In India, the Foreign Exchange Management (FEMA) Act, 1999 [Sec.2 (h)] defines currency to involve currency notes, postal notes, postal orders, money orders, cheques, drafts, travellers cheques, letters of credit, bills of exchange and promissory notes, credit cards or such other similar instruments, as notified by the RBI. So can cryptocurrency be considered currency within the existing definitions?
Although the RBI has not notified bitcoin as legal tender, the fact that bitcoin is an accepted mode of payment is pertinent. Therefore, in principle, the RBI should recognize it as currency, and not as goods. The digital asset in the country could be classified under the category of 'intangible goods', at par with other software systems with separate laws introduced to prevent and penalize criminal use of cryptocurrencies. (As the CBITC posits, the decision of the panel to levy GST on digital currencies could also be useful in regulating digital currencies.)
Taxation could be made simpler if cryptocurrencies were treated as goods, and actions of bitcoin exchanges on behalf of customers were considered services. In sum, this new proposal would change the way virtual currency is being handled in India.
Bitcoin global scenario
The bitcoin dealing differs a lot depending from country to country. The United States of America treats bitcoin as an asset, which can be in the nature of a fixed asset, or an inventory asset. The United Kingdom, on the other hand treats it as a ‘private currency’. Australia has a case-to-case treatment for bitcoins, ranging from a traded asset to an investment, with different treatment to the related services of mining or trade facilitation. Singapore recognizes bitcoin as a valid currency, while Japan treats bitcoin as commodities.
Bitcoin Indian scenario
The RBI has asked its own regulated entities (such as banks) to stop providing service to individuals or business entities dealing in cryptocurrencies for fiat (INR) on and off-ramps. This prohibits from buying/selling cryptocurrencies for INR through banks.
Despite all limitations, India ranks among the top 5 countries of the world, from the perspective of share of currency held (although these cannot be traded currently) which is at 44 percent of the world’s share.

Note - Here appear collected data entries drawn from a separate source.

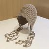 Autumn and winter new plush ear protection bag head hat women's warm versatile wool knitted hat mixed color drawstring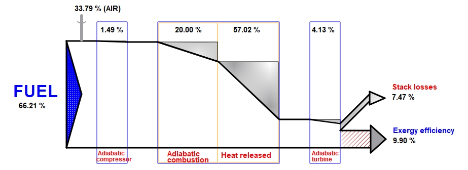 Análisis 25: Turbina de gas de aviación. Diagramas de Sankey y Grassmann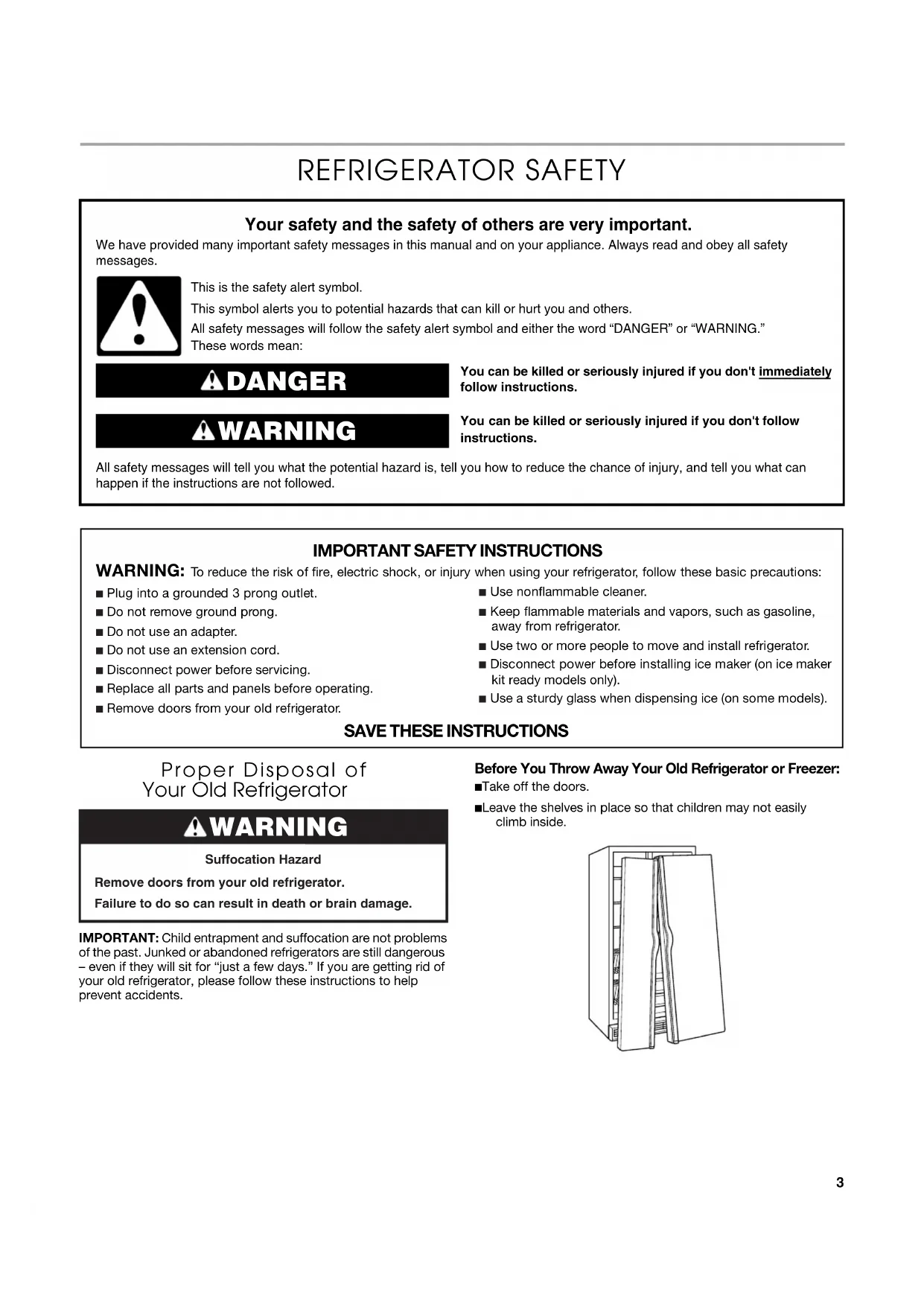 Accessoires .................................................................................. 58 FEUILLES DE DONNÉES SUR LE PRODUIT ............................... 59 GARANTIE ....................................................................................... 603 REFRIGERATOR SAFETY Proper Disposal of Your Old Refrigerator IMPORTANT: Child entrapment and suffocation are not problems of the past. Junked or abandoned refrigerators are still dangerous – even if they will sit for “just a few days.” If you are getting rid of your old refrigerator, please follow these instructions to help prevent accidents.Before You Throw Away Your Old Refrigerator or Freezer:■ Take off the doors.■ Leave the shelves in place so that children may not easily climb inside.You can be killed or seriously injured if you don't immediately You can be killed or seriously injured if you don'tfollow All safety messages will tell you what the potential hazard is, tell you how to reduce the chance of injury, and tell you what can happen if the instructions are not followed. Your safety and the safety of others are very important. We have provided many important safety messages in this manual and on your appliance. Always read and obey all safety messages.This is the safety alert symbol.This symbol alerts you to potential hazards that can kill or hurt you and others.All safety messages will follow the safety alert symbol and either the word “DANGER” or “WARNING.”These words mean:follow instructions.instructions. DANGER WARNING

Given the uncertainties related to bitcoin, and the relatively nascent state of its development one thing is clear – bitcoin is going to take time to be widely accepted as a currency or means of exchange in India. This will lead to the typical reaction of such exchanges shifting base outside India, and eventual losses of huge potential tax revenues.
The treatment for bitcoins would be ideal if the government were to legalise the trading of these currencies. The currencies should be treated as current assets, and GST should be charged on the margins that bitcoin exchanges charge their users. This will ensure that the trading of the currencies is regulated, as well as adding to tax revenues for the government.
(The write is Product Manager - GST India, Avalara Technologies Pvt. Ltd.)